REQUIRED WORK =>
Keeping pictures out, repeat the lines of the listing below exactly, starting at its first line and finishing with the one that holds "Portrait of a".

ENTRIES SUPPLIED =>
*-*-*

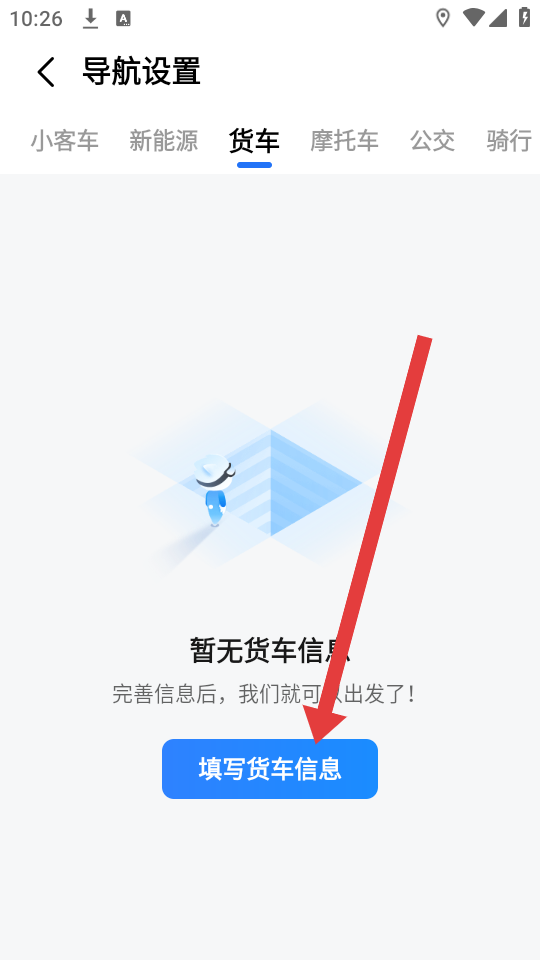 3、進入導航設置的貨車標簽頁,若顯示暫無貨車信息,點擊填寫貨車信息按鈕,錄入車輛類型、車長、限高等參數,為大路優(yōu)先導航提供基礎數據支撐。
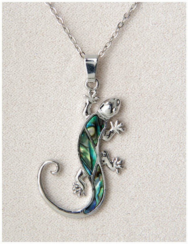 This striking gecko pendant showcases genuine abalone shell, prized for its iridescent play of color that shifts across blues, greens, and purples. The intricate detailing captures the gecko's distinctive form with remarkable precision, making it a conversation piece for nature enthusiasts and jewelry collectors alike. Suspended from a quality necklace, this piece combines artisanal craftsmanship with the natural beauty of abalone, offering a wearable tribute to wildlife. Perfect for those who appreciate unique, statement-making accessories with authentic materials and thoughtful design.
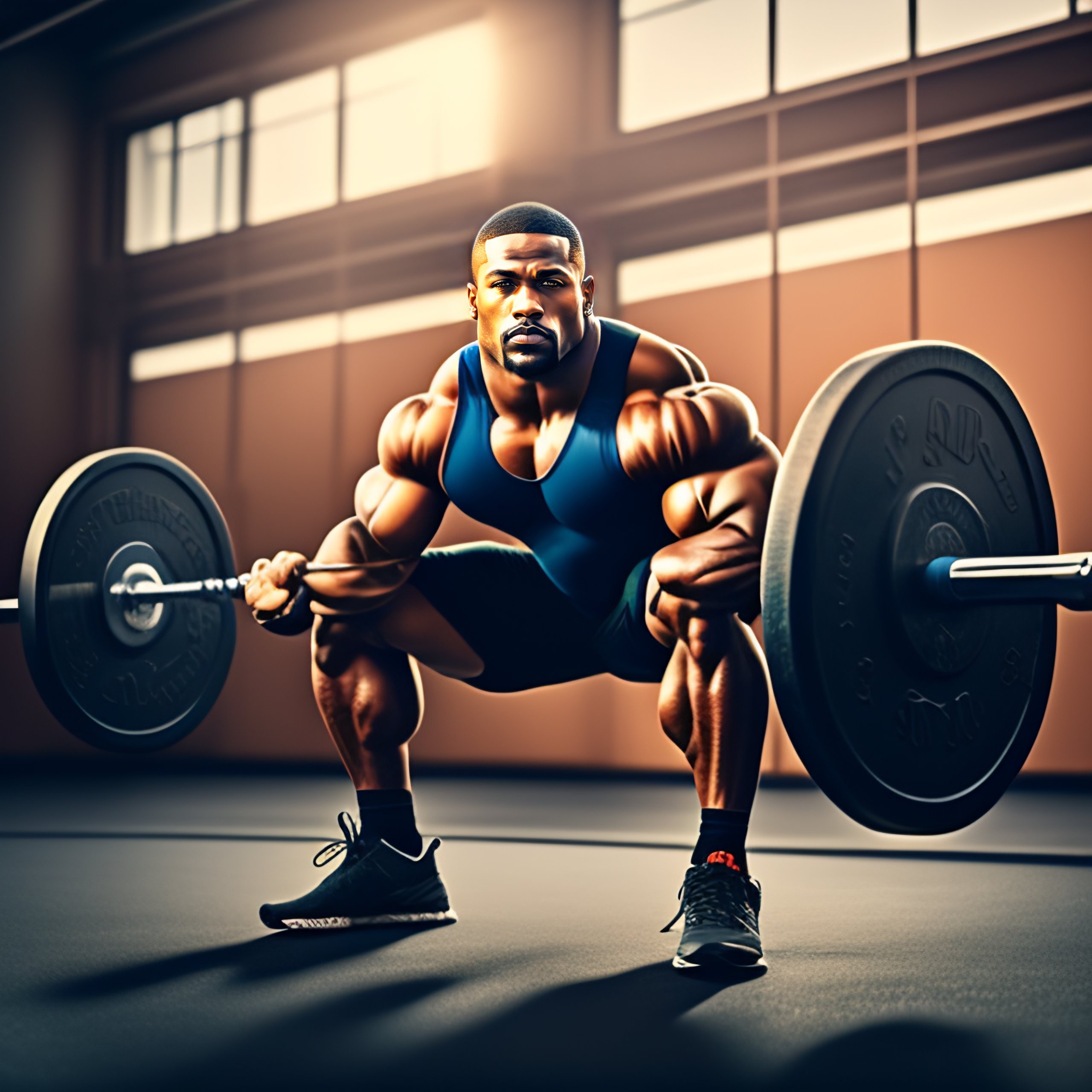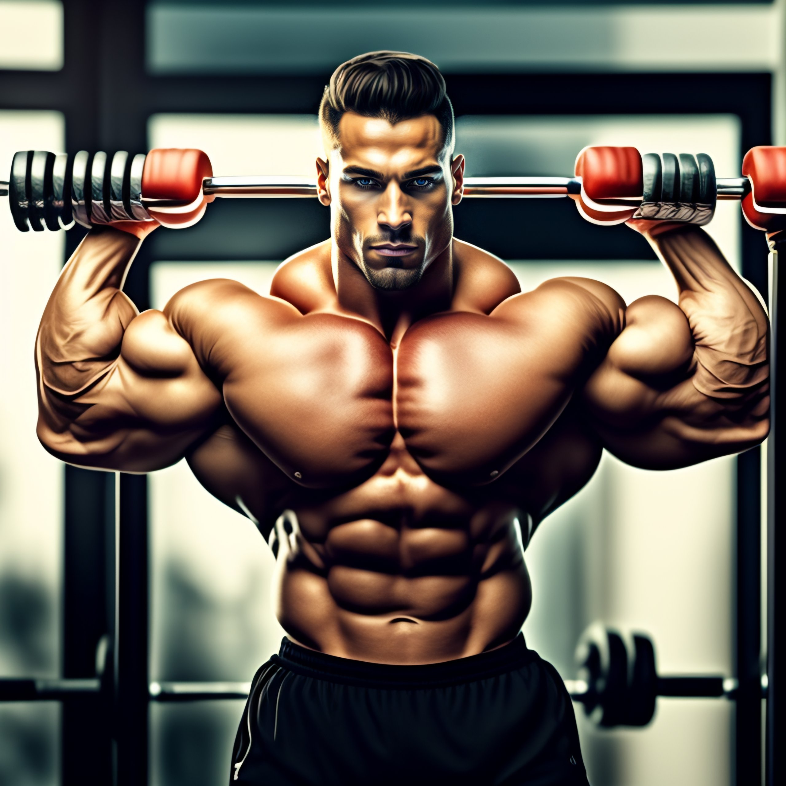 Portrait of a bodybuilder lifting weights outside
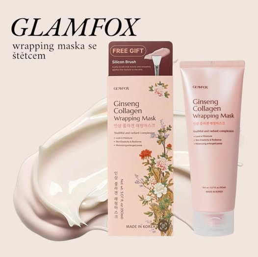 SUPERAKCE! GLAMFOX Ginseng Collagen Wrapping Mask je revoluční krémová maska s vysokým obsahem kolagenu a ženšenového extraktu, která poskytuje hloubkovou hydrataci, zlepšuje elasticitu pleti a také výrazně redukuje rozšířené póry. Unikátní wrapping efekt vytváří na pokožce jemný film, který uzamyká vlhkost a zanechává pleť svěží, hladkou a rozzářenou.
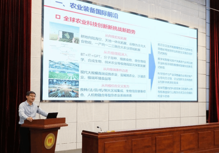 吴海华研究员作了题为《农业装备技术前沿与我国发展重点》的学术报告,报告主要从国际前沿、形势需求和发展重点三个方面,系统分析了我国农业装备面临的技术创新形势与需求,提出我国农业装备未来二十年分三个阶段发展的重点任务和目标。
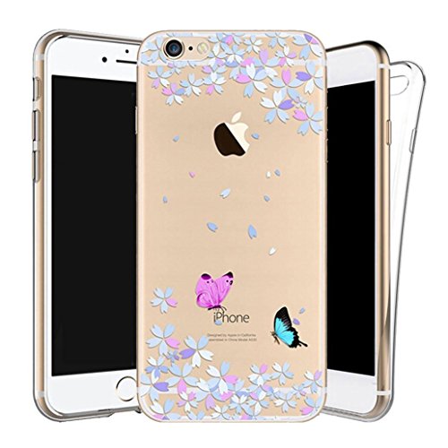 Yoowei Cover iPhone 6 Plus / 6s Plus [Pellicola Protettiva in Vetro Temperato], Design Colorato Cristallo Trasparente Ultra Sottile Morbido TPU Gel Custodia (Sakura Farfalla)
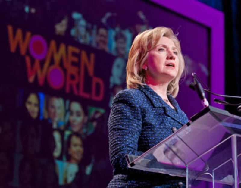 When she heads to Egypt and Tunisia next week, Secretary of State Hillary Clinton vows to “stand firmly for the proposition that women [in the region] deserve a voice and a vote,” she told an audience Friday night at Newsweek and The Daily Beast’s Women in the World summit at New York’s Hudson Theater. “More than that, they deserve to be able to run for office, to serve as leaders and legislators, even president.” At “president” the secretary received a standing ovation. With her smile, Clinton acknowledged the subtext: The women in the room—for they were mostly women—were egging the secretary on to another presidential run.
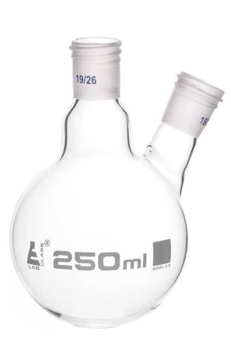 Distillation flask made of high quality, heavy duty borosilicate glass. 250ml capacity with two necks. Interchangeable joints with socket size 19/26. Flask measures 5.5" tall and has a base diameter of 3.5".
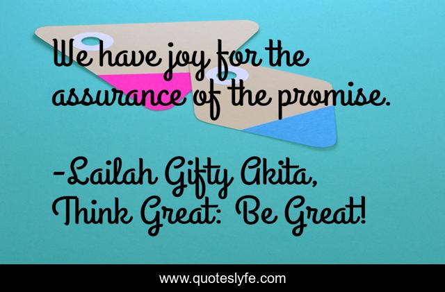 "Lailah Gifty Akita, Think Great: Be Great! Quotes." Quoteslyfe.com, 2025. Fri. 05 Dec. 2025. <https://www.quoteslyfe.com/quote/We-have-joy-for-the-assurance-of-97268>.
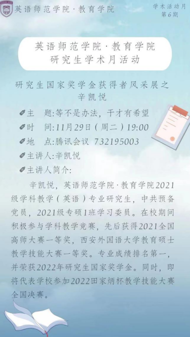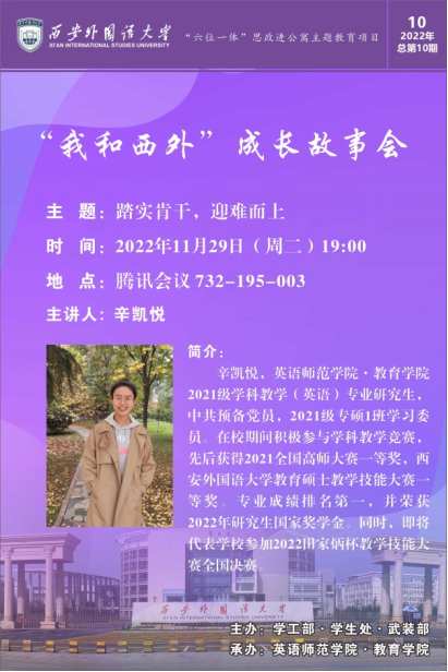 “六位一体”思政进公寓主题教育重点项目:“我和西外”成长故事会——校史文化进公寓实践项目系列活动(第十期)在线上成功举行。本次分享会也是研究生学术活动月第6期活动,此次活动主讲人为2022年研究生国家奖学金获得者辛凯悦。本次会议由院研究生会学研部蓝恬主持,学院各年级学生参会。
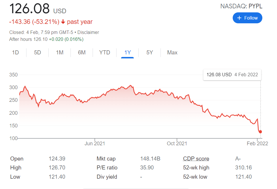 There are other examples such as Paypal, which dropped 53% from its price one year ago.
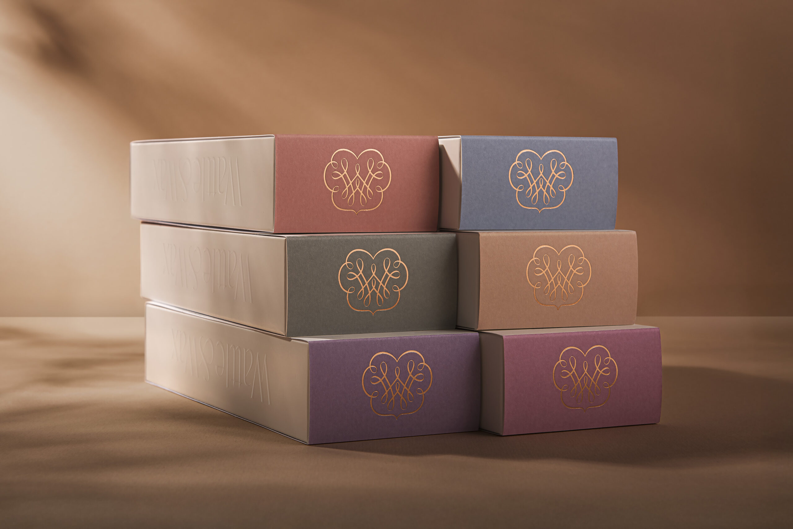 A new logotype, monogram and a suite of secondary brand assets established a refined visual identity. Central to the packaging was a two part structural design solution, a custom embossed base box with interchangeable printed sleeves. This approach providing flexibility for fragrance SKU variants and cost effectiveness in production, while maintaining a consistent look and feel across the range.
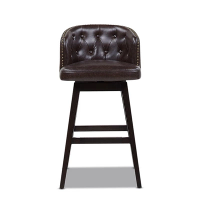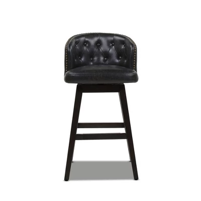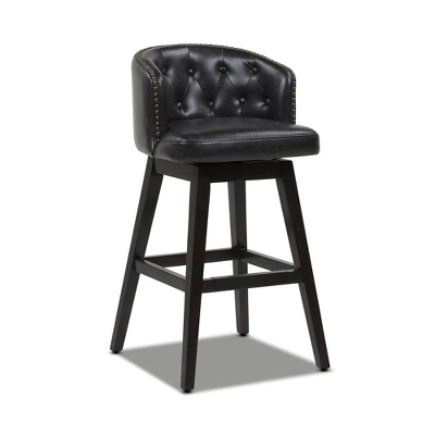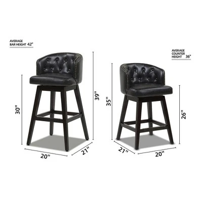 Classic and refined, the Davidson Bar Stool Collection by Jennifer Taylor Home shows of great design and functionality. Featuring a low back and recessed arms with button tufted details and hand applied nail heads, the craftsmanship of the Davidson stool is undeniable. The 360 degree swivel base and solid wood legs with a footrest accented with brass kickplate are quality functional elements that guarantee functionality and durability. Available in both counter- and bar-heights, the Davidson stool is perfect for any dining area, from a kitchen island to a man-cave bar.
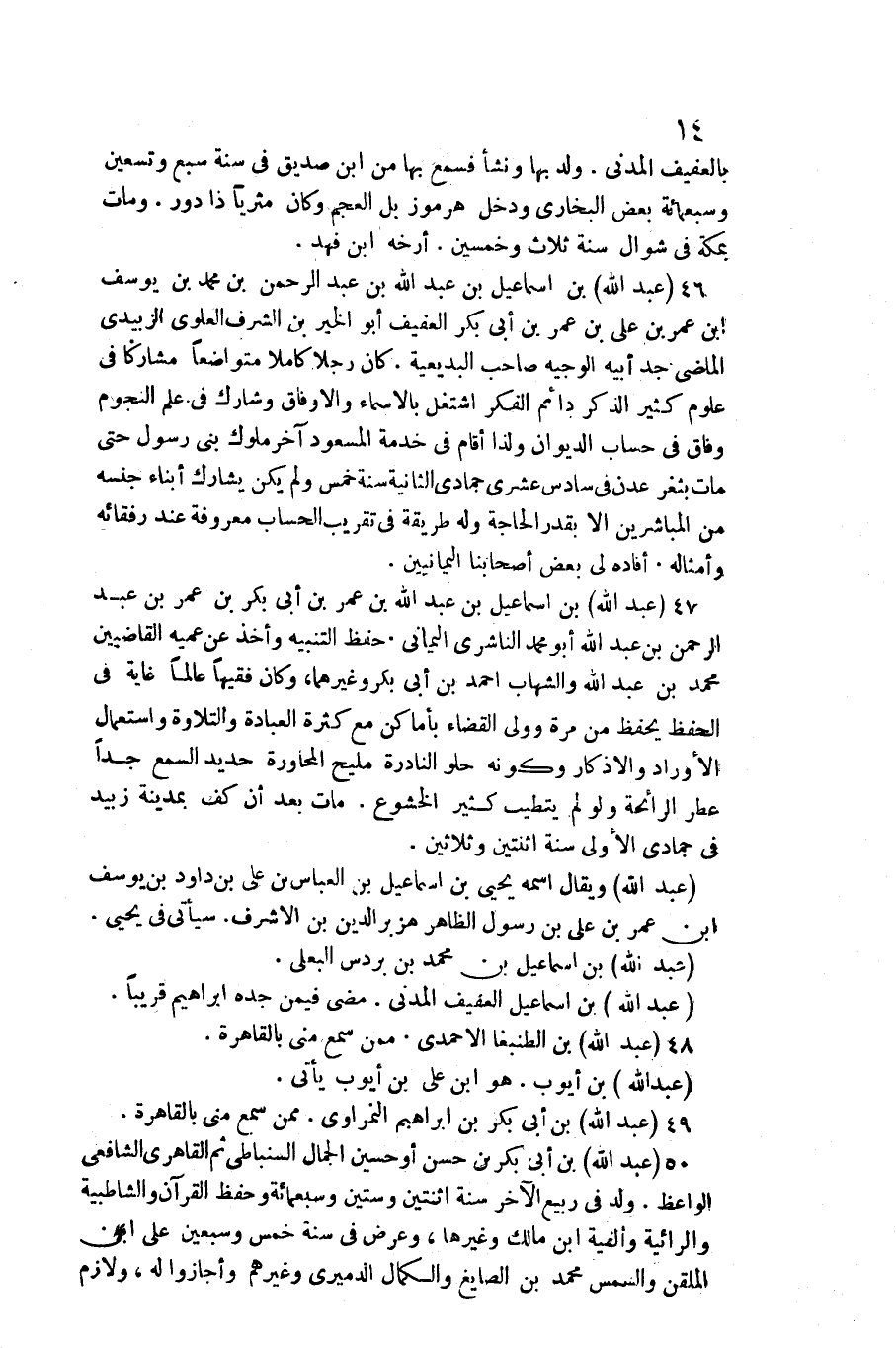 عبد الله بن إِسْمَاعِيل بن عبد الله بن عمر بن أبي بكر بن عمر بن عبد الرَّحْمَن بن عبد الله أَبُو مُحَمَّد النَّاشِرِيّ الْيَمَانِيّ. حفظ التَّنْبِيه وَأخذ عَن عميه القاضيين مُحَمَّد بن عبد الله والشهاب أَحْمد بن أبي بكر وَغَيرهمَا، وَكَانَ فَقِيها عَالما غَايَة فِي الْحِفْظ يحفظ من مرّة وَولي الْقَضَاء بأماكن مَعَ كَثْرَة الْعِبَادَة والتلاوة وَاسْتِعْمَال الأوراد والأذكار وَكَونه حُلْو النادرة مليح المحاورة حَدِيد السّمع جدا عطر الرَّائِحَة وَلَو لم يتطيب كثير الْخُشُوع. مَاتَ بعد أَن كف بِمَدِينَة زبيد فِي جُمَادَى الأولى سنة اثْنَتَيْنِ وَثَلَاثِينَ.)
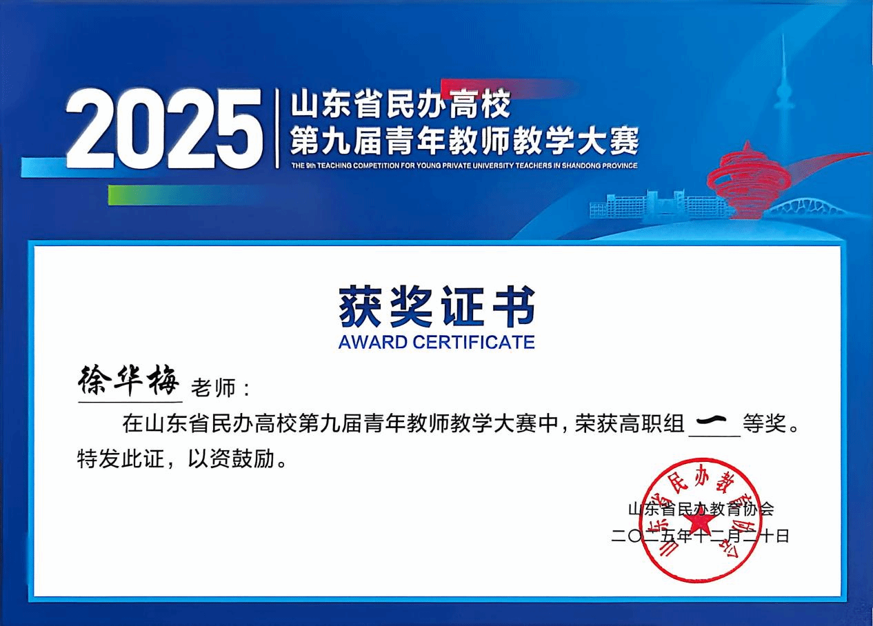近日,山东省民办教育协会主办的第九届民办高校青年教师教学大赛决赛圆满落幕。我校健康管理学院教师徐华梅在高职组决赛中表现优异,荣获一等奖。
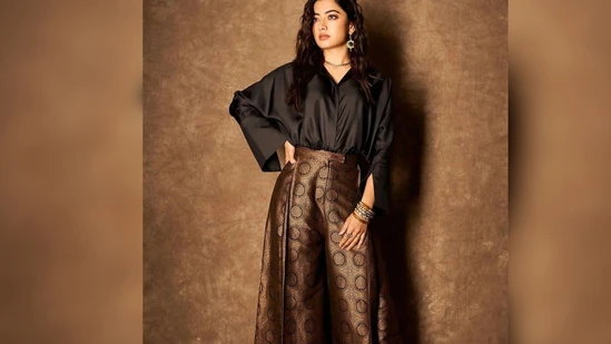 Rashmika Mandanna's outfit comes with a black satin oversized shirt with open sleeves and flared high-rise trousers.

*-*-*

ANSWER SPACE =>
 3、進入導航設置的貨車標簽頁,若顯示暫無貨車信息,點擊填寫貨車信息按鈕,錄入車輛類型、車長、限高等參數,為大路優(yōu)先導航提供基礎數據支撐。
 This striking gecko pendant showcases genuine abalone shell, prized for its iridescent play of color that shifts across blues, greens, and purples. The intricate detailing captures the gecko's distinctive form with remarkable precision, making it a conversation piece for nature enthusiasts and jewelry collectors alike. Suspended from a quality necklace, this piece combines artisanal craftsmanship with the natural beauty of abalone, offering a wearable tribute to wildlife. Perfect for those who appreciate unique, statement-making accessories with authentic materials and thoughtful design.
 Portrait of a bodybuilder lifting weights outside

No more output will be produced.